We calculate the collision probability, where for each k it's guaranteed to be 0, but we don't specify a probability of f_{k_1}(x_1) = f_{k_2}(x_2), where m for every k is bijective, but every m and k is surjective. Would this probability be p/(p^2) ?

We calculate a variant of the interpolation probability which shows that (f(x_0),f(x_i),...,f(x_{p-1})) = (y_0, y_1, ..., y_{p-1}) is unique for every (k,m) for sequences of size p, that is the interpolation probability is 0 with p points for the whole space of (k,m). But for point sequences of length n what is the probability? You would expect one sequence to be probability of a collision f_{k_1}(x_1) = f_{k_2}(x_2), but what about two or more?

Thirdly the differential probability, for any fixed g what is the probability of f(x_1) - f(x_2) = g ? I made an initial measure of this, it to occurs at the probability of 1/p for all (k,m) (a space of p*p), and 1 for each k and every m (a space of p).

[HarryR]

I think it's worth digging further into higher-order differential cryptanalysis for MiMC-p/p, MiMC-2p/p, DoublevisionH_e and LongsightL and LongsightF, where specifically we're looking at the complexity of the polynomials f_k(x_1) - f_k(x_2), f_{k_1}(x) - f_{k_2}(x) and f_{k_1}(x_1) - f_{k_2}(x_2)

[HarryR]

So, we can possibly say that the one-wayness of the problem for Doublevision relates to the discrete logarithm and quadratic residue problems, essentially factoring the sum of cubes.

Interesting references:

• An Efficient Discrete Log Pseudo Random Generator
• An Improved Pseudo-Random Generator Based
  on Discrete Log; Rosario Gennaro
• Efficient Pseudorandom Generators Based on the DDH
  Assumption; Farashahi, Schoenmakers, Sidorenko)
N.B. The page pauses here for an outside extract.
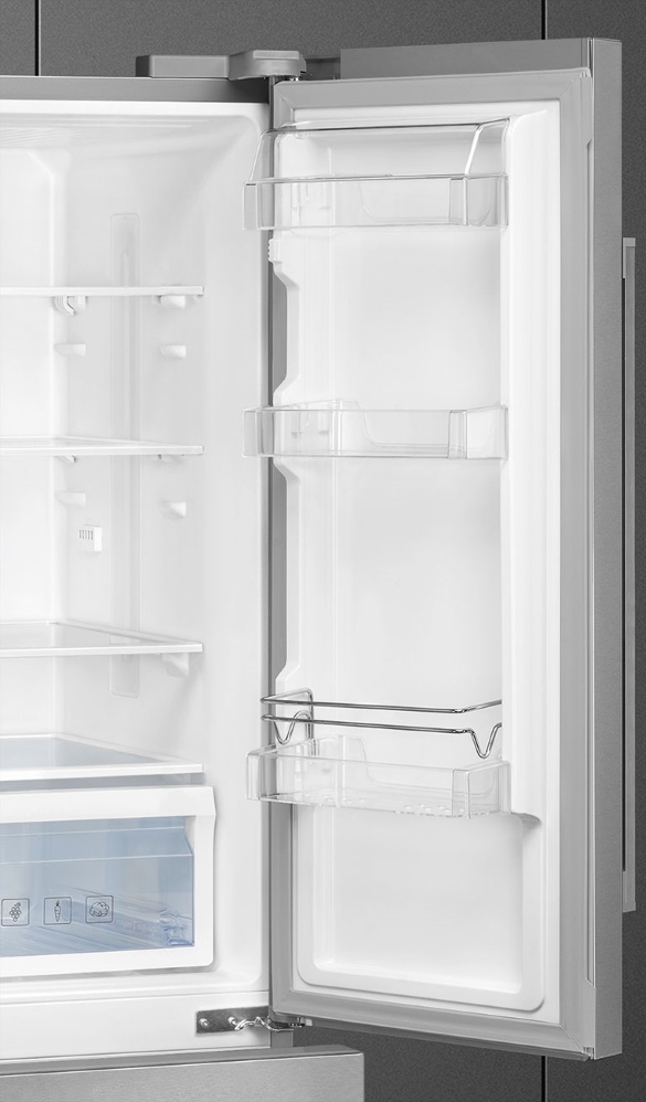 • На дверце расположены лоток для яиц и 8 полок: 2 с крышкой, 2 для бутылок, 4 обычных
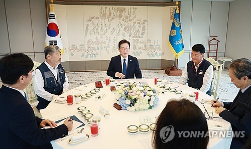 이 대통령은 "노동계 전체 입장에서 보면 좋은 일자리가 자꾸 사라진다. 다 비정규직화 되고 사회 전체가 불안정해지니 노동자들 입장에서는 해고는 죽음이다, 이런 소리를 할 수밖에 없는 악순환"이라며 "이걸 풀려면 대화하고 신뢰하고 조정해야 하는데 그 첫 출발이 마주 앉는 것"이라고 강조했다.

The problem is that many of the security assumptions in the papers above rely on using a prime factor which to generate a sub-group, furthermore the exponents are fixed.

The security assumption for the number of rounds for MiMC-p/p as a cipher comes from the computational hardness of determining the Lagrange form of the polynomial of a specific degree, at 160 rounds this is about 2**254.

For a more specific construction, e.g. the merkle tree authentication path, can this be weakened? Lets say we use the Miyaguchi–Preneel construction:

def compress_MiyaguchiPreneel(m_0, m_1, C, e, p):
  H_0 = LongsightL(IV, m_0, C, e, p)
  H_1 = LongsightL(H_0, m_1, C, e, p)
  return (H_0 + H_1 + m_0) % p

The Lagrange form stops becoming as much of a concern for each step as the key changes for every m_0. When chained in-sequence, e.g. in a Merkle tree path with all the address bits fixed to either 1 or 0, would you be able to use the Lagrange form to identify the root for any given input and a specific set of path elements? shrugs And would it be possible to construct the Lagrange form of the inverse?

Anyway, if we use a different IV and different round constants at every level, and make sure that the full path is of sufficiently high degree, the only problem remains that the LongsightL (and F variant) functions are invertible - in that you can truncate the whole Merkle authentication path with control over both arguments. For this reason the Miyaguchi–Preneel construct above is used, avoiding fixed points etc. and where only 1 argument can be used for each function call.

Using this method, and using native field elements for the inputs instead of bits, we can keep the number of constraints for the whole Merkle tree authentication path to say ... under 1500. I will need to run some quick tests to verify that the LongsightL function is bijective etc.